CompMapper: An Automatic Pipeline to Define Conserved Segments between Genomes Systematically

Fu Lu1, Zhenyuan Wang2, Xiangqun Holly Zheng, Wenyan Zhong, Fei Zhong, Richard Mural
1fu.lu@celera.com, Celera Genomics; 2jack.wang@celera.com, Celera Genomics

Homologous genes have been widely used to identify conserved segments and construct comparative maps. Although it is an effective approach when complete genomic sequence is not available, it is error prone because of the sparseness of the data and the heuristic nature in selecting homologous gene pairs (Nadeau JH and Sankoff d, TIG 14, 495-501). With the robust draft sequence of mouse and human genome in hand (J.C. Venter et al., Science 291, 1304-51; R. Mural et al., Science, 296, 1661-1671); we have developed a new paradigm and systematic approach to define conserved segments between human and mouse directly from genomic sequence. The automatic pipeline should be applicable to map any species with complete or draft genome sequence and within an appropriate phylogenetic distance.

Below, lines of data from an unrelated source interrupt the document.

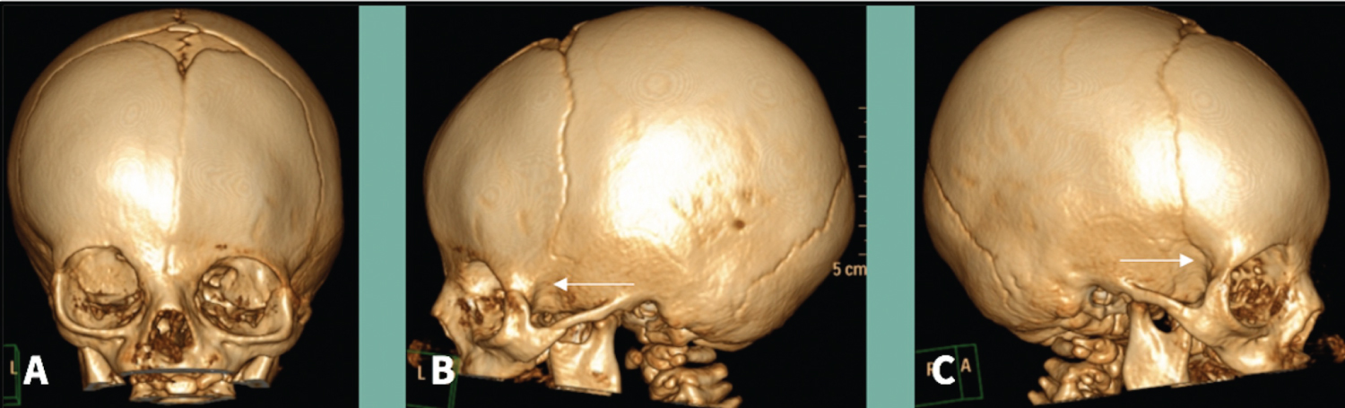 Figure 3: A) Three-dimensional CT reconstruction shows frontal; B,C) Lateral views. The arrow in image B represents left frontosphenoidal fusion and in C a right frontosphenoidal suture patency.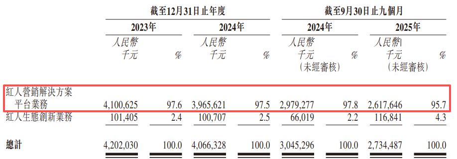 天下秀主營業(yè)務(wù)分為紅人營銷解決方案平臺(tái)業(yè)務(wù)以及紅人經(jīng)濟(jì)生態(tài)鏈創(chuàng)新業(yè)務(wù),其中,前者為公司的主要收入來源,通過公司主要的專有平臺(tái)WEIQ,為廣告主客戶提供紅人營銷解決方案。具體來看,2023年、2024年和2025年前三季度(下稱“報(bào)告期內(nèi)”),天下秀來自紅人營銷解決方案平臺(tái)業(yè)務(wù)的收入占比分別為97.6%、97.5%和95.7%。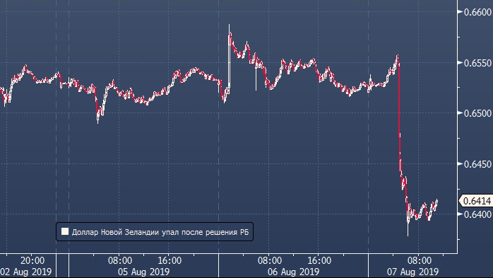 Новозеландский доллар упал на 2.3% до 63.78 цента США, а доходность двухлетних облигаций страны упала на 20 базисных пунктов до рекордных 0.765% вслед за решением центрального банка снизить ставку сильнее, чем ожидалось — на половину процента.
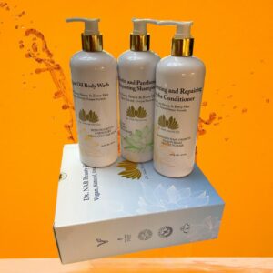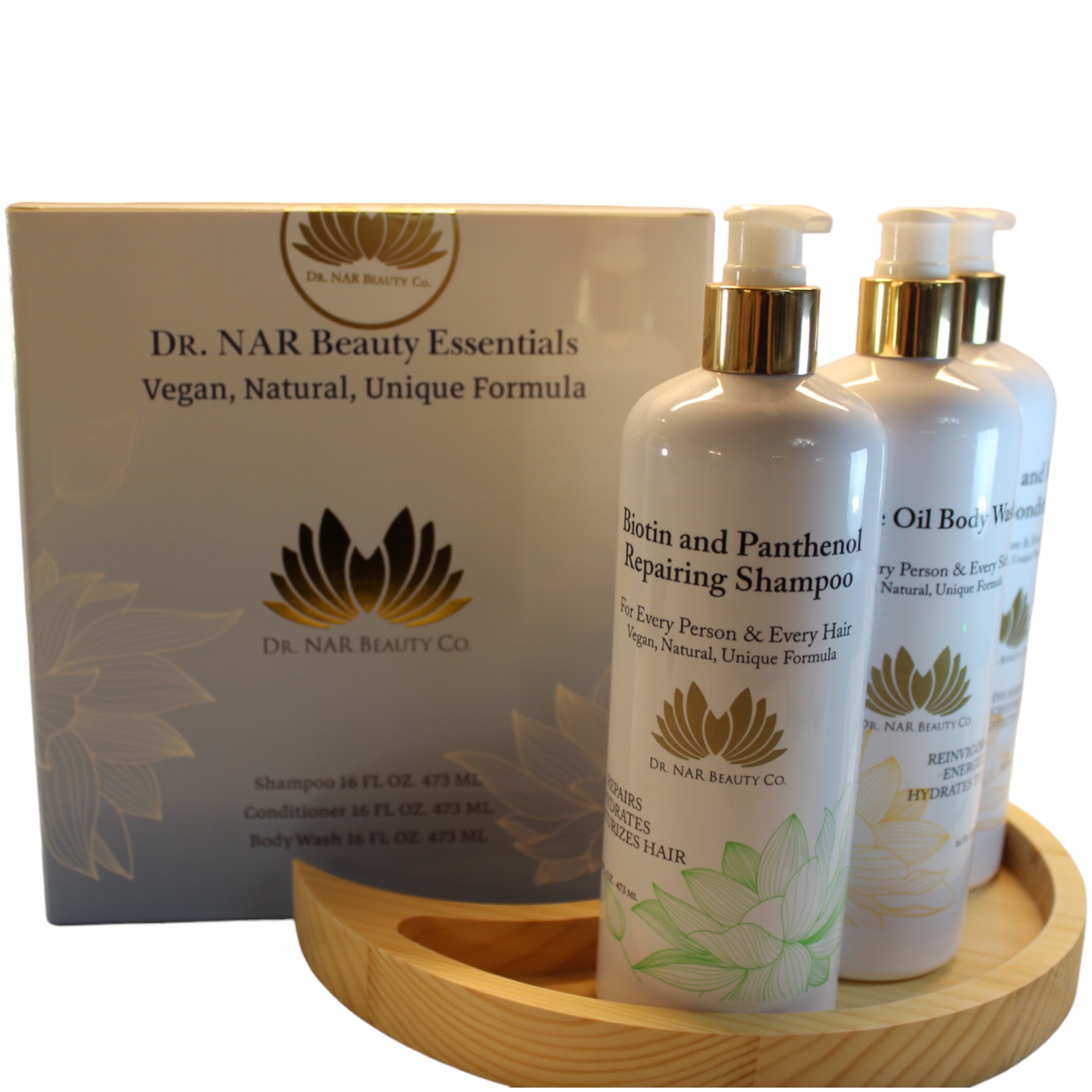 - Dr. NAR Beauty essential set, a vegan beauty collection that includes a body wash a sulfate-free shampoo and conditioner, formulated to provide hydration and nourishment for your hair and skin.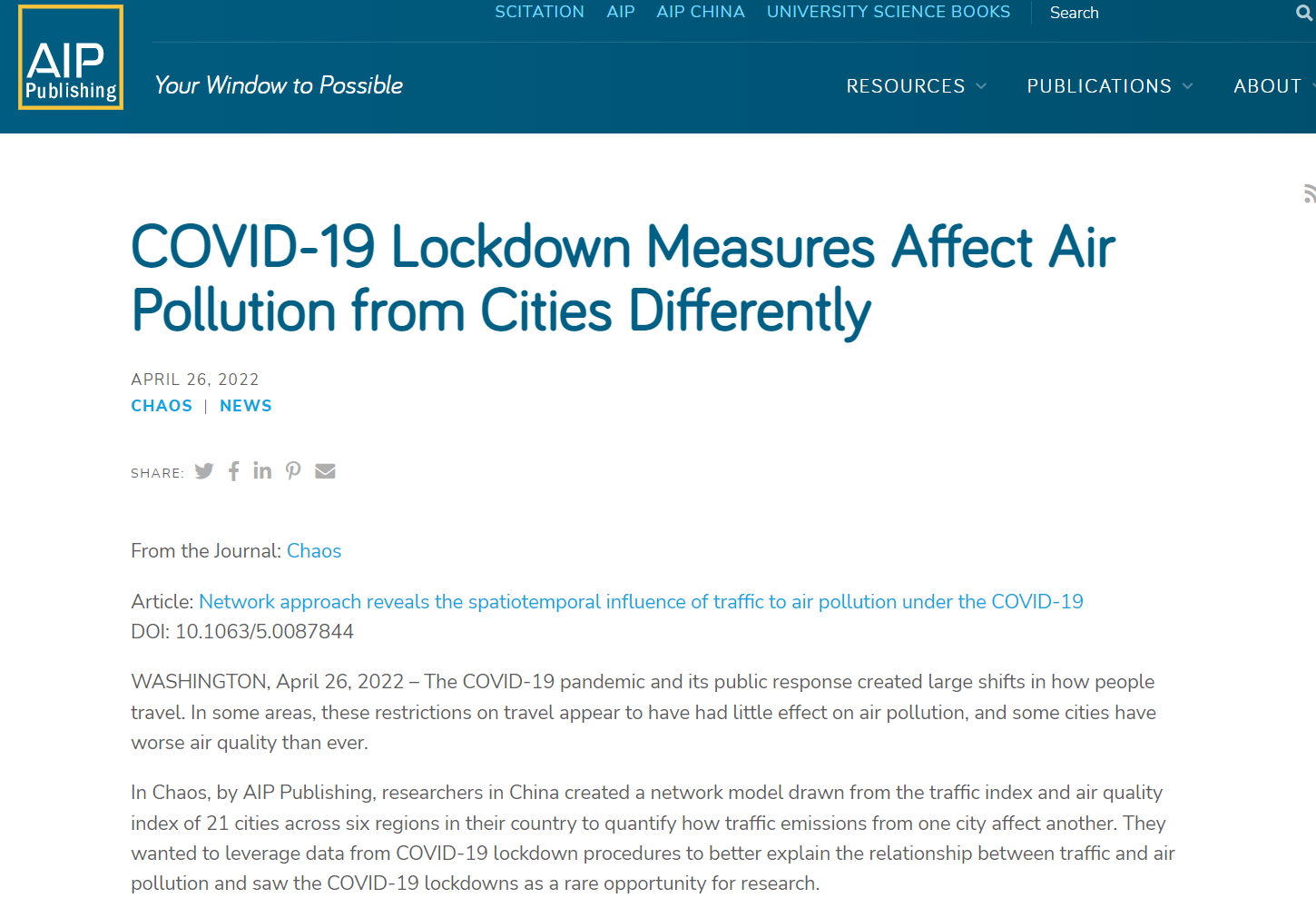 图一 美国物理联合会AIP官网对该研究及其研究团队的采访报道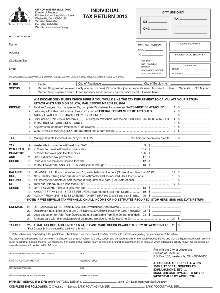 TAX RETURN 2013CITY OF WESTERVILLE, OHIO

The bioinformatics pipeline CompMapper matches up conserved segments between two genomes given their genomic sequences. There are two main functional modules in the pipeline. 1) LandMarker: This module performs sequence comparisons of entire mouse and human genome sequences using blast to identify regions having similarity score exceeding 80% and longer than 50 bp. The blast matches are further filtered to remove the repetitive matches. The final set of alignments is mutual unique matches. Such regions are probably derived from the same ancestral sequence and are served as orthologous landmarks for identifying conserved segments. 2). CSGenerator (Conserved Segment Generator): Conserved segments are defined by comparison of the location of landmarks in the two genomes. A conserved segment is a maximal region in which a series of landmarks occur in the same order on a single chromosome in both species. To avoid artificial breakpoint owing to imperfections in the draft genome sequence, we have excluded single inconsistent from the computation.

A total of 444410 orthologous landmarks were identified between human and mouse genomes by LandMarker with a density of approximately 170 landmarks per million bases. The orthologous landmarks are several magnitudes denser than any gene based landmarks. The remarkable 97.5% of landmarks are conserved in order across the two genomes. A total of 601 regions of conserved synteny are defined by the conserved landmarks which cover 91.5% and 92.4% mouse and human genomes, respectively. The N50 of the blocks are 9.8M and 10.5M for mouse and human, respectively. In summary, the resulting comparative map from this pipeline is much more sensitive and accurate than the gene based comparative maps. The comparative map between human and mouse has been used in several tasks to predict functional conservations, such as orthologs, gene regulatory regions and small non-coding RNAs. A dynamic, interactive comparative viewer has been developed to display the orthologous landmarks and conserved segments between human and mouse genome.